# YOUR INSTRUCTIONS:
Exactly as written, print every line of the listing below and omit its pictures.

***

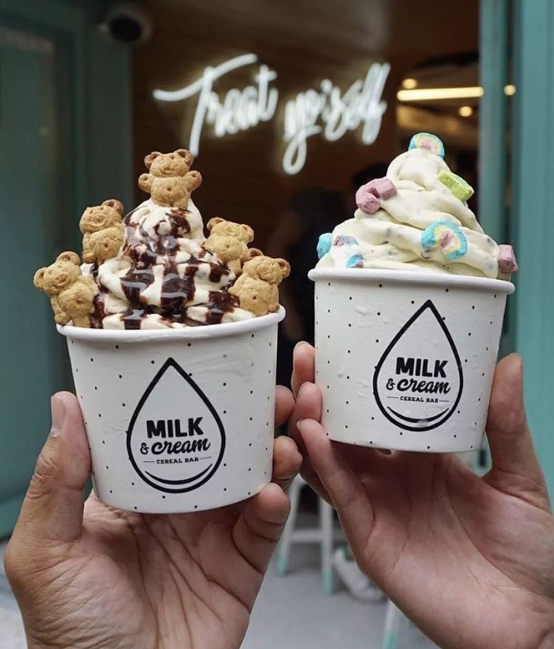 这家的milk shake也是非常出名,不同于一般的milk shake,里面还会有超级多种类的麦片选择,如果只想吃cereal还可以配上他们专有的不同flavor的高颜值牛奶。
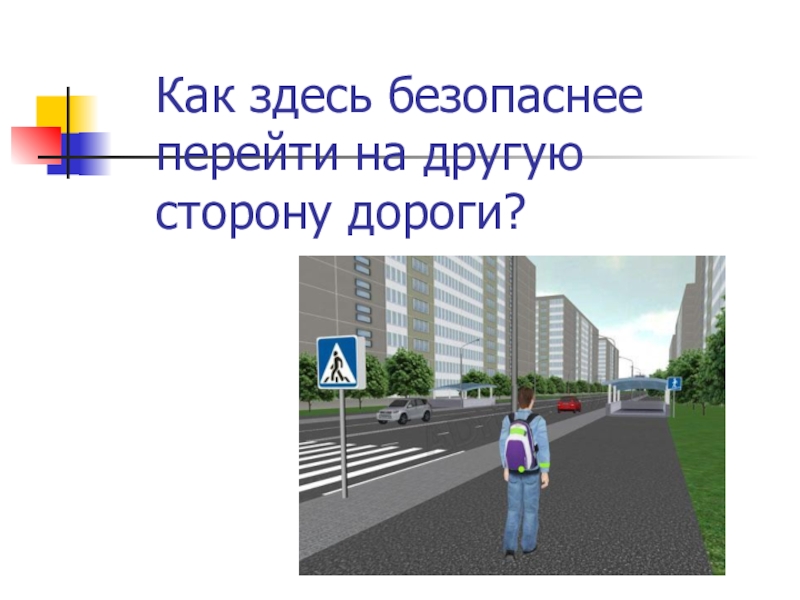 Слайд 34Как здесь безопаснее перейти на другую сторону дороги?
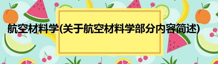 大家好,今天小方来说说一篇关于航空材料学,关于航空材料学部分内容简述的文章,那么现在就为大家来简单介绍下,希望对各位小伙伴们有所帮助。
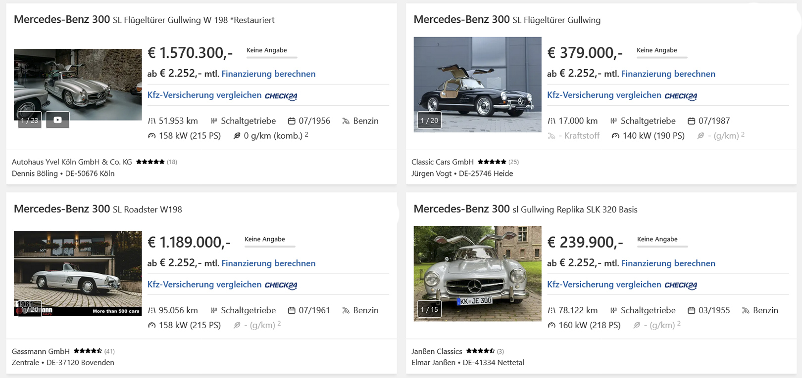 Beide Versionen des 300 SL, Roadster wie Flügeltüren-Coupé, waren von Anfang an ausgesprochene Liebhaberfahrzeuge und haben bis heute nichts von ihrer Faszination verloren; sie gehören seit Jahren zu den gesuchtesten und bestnotierten Klassikern.
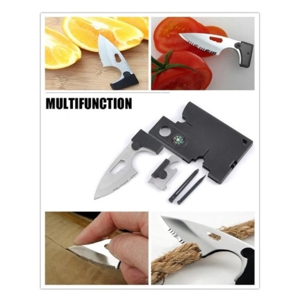 TARJETA MULTIHERRAMIENTA REALIZA 10 FUNCIONES BÁSICAS DE SUPERVIVENCIA EN 1 SOLA TARJETA ADEMAS CUENTA CON CUCHILLO, NO TE QUEDES SIN ELLA Y PÍDELA YA! ES MUY FÁCIL DE USAR Y TRANSPORTAR, YA QUE POR SU DISEÑO COMPACTO LA PUEDES LLEVAR EN TU CARTERA O BOLSA DE PANTALÓN Y ESTAR PREPARADO PARA CUALQUIER SITUACIÓN

***

# WRITTEN SOLUTION:
 这家的milk shake也是非常出名,不同于一般的milk shake,里面还会有超级多种类的麦片选择,如果只想吃cereal还可以配上他们专有的不同flavor的高颜值牛奶。
 Слайд 34Как здесь безопаснее перейти на другую сторону дороги?
 大家好,今天小方来说说一篇关于航空材料学,关于航空材料学部分内容简述的文章,那么现在就为大家来简单介绍下,希望对各位小伙伴们有所帮助。
 Beide Versionen des 300 SL, Roadster wie Flügeltüren-Coupé, waren von Anfang an ausgesprochene Liebhaberfahrzeuge und haben bis heute nichts von ihrer Faszination verloren; sie gehören seit Jahren zu den gesuchtesten und bestnotierten Klassikern.
 TARJETA MULTIHERRAMIENTA REALIZA 10 FUNCIONES BÁSICAS DE SUPERVIVENCIA EN 1 SOLA TARJETA ADEMAS CUENTA CON CUCHILLO, NO TE QUEDES SIN ELLA Y PÍDELA YA! ES MUY FÁCIL DE USAR Y TRANSPORTAR, YA QUE POR SU DISEÑO COMPACTO LA PUEDES LLEVAR EN TU CARTERA O BOLSA DE PANTALÓN Y ESTAR PREPARADO PARA CUALQUIER SITUACIÓN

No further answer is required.